MATERIAL PROVIDED:

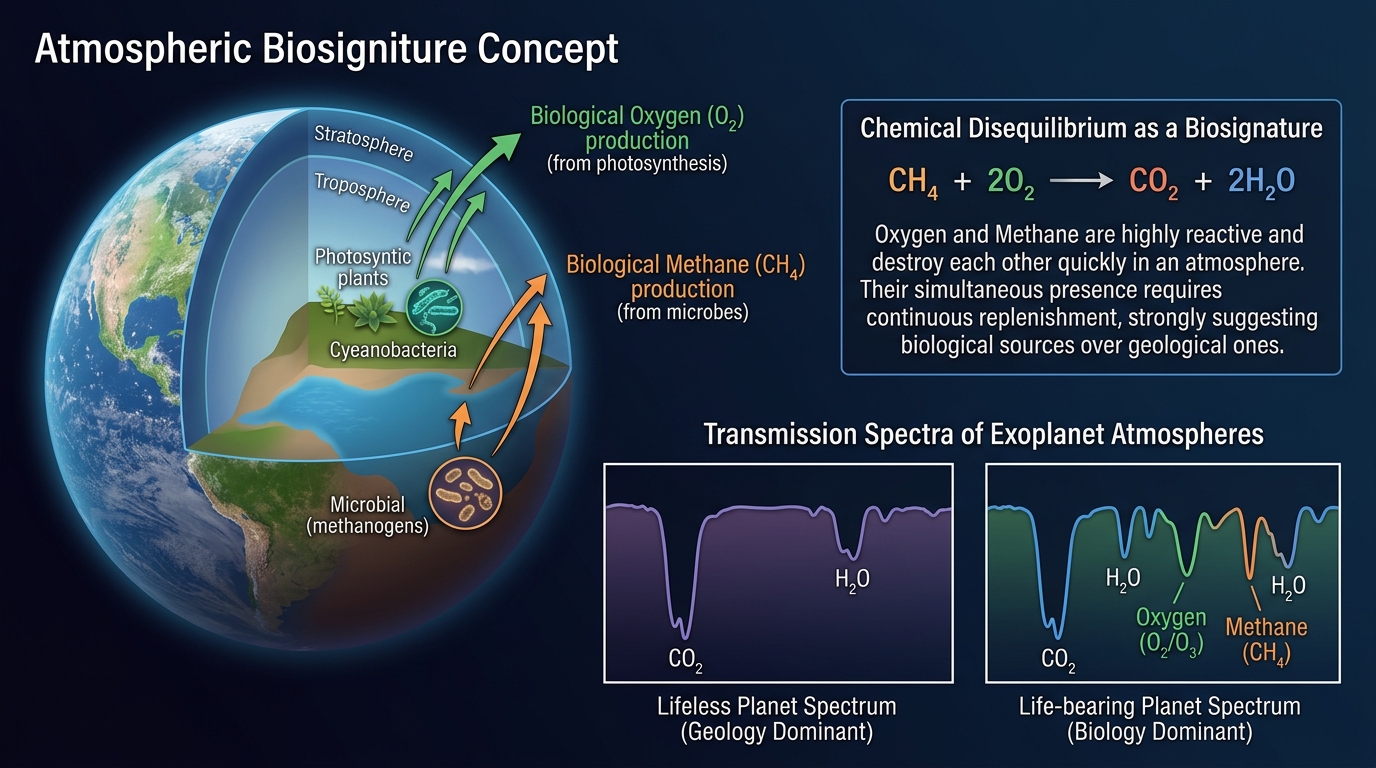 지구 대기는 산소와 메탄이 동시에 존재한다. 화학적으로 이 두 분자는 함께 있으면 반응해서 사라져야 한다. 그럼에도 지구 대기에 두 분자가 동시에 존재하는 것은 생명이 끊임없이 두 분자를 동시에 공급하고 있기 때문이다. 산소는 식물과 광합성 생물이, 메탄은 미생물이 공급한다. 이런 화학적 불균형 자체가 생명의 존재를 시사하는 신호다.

* * *

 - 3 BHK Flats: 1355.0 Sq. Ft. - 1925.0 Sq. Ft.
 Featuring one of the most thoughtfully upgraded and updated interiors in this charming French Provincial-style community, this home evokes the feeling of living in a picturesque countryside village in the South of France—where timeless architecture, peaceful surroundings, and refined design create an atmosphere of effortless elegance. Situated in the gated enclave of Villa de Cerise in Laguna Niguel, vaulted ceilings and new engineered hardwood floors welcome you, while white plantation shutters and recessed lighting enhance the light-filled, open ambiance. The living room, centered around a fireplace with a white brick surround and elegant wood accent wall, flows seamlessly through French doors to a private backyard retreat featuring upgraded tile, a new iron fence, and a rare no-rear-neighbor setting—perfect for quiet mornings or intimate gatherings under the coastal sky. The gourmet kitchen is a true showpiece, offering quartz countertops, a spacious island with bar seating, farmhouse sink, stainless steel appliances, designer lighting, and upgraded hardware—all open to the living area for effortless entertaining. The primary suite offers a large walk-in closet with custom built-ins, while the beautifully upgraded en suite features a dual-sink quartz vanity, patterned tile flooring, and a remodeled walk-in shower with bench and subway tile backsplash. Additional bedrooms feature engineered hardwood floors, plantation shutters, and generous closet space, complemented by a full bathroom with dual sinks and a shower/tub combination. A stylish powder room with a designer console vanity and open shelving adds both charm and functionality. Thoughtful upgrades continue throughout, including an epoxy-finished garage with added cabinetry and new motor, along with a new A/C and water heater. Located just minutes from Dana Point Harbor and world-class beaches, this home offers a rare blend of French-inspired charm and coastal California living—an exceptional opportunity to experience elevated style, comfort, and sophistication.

EXERCISE: Your reply is to repeat, unchanged, the lines above running from the one with "- 3 BHK Flats: 1355.0" up to and including the one with "Featuring one of".

TASK ANSWER:
 - 3 BHK Flats: 1355.0 Sq. Ft. - 1925.0 Sq. Ft.
 Featuring one of the most thoughtfully upgraded and updated interiors in this charming French Provincial-style community, this home evokes the feeling of living in a picturesque countryside village in the South of France—where timeless architecture, peaceful surroundings, and refined design create an atmosphere of effortless elegance. Situated in the gated enclave of Villa de Cerise in Laguna Niguel, vaulted ceilings and new engineered hardwood floors welcome you, while white plantation shutters and recessed lighting enhance the light-filled, open ambiance. The living room, centered around a fireplace with a white brick surround and elegant wood accent wall, flows seamlessly through French doors to a private backyard retreat featuring upgraded tile, a new iron fence, and a rare no-rear-neighbor setting—perfect for quiet mornings or intimate gatherings under the coastal sky. The gourmet kitchen is a true showpiece, offering quartz countertops, a spacious island with bar seating, farmhouse sink, stainless steel appliances, designer lighting, and upgraded hardware—all open to the living area for effortless entertaining. The primary suite offers a large walk-in closet with custom built-ins, while the beautifully upgraded en suite features a dual-sink quartz vanity, patterned tile flooring, and a remodeled walk-in shower with bench and subway tile backsplash. Additional bedrooms feature engineered hardwood floors, plantation shutters, and generous closet space, complemented by a full bathroom with dual sinks and a shower/tub combination. A stylish powder room with a designer console vanity and open shelving adds both charm and functionality. Thoughtful upgrades continue throughout, including an epoxy-finished garage with added cabinetry and new motor, along with a new A/C and water heater. Located just minutes from Dana Point Harbor and world-class beaches, this home offers a rare blend of French-inspired charm and coastal California living—an exceptional opportunity to experience elevated style, comfort, and sophistication.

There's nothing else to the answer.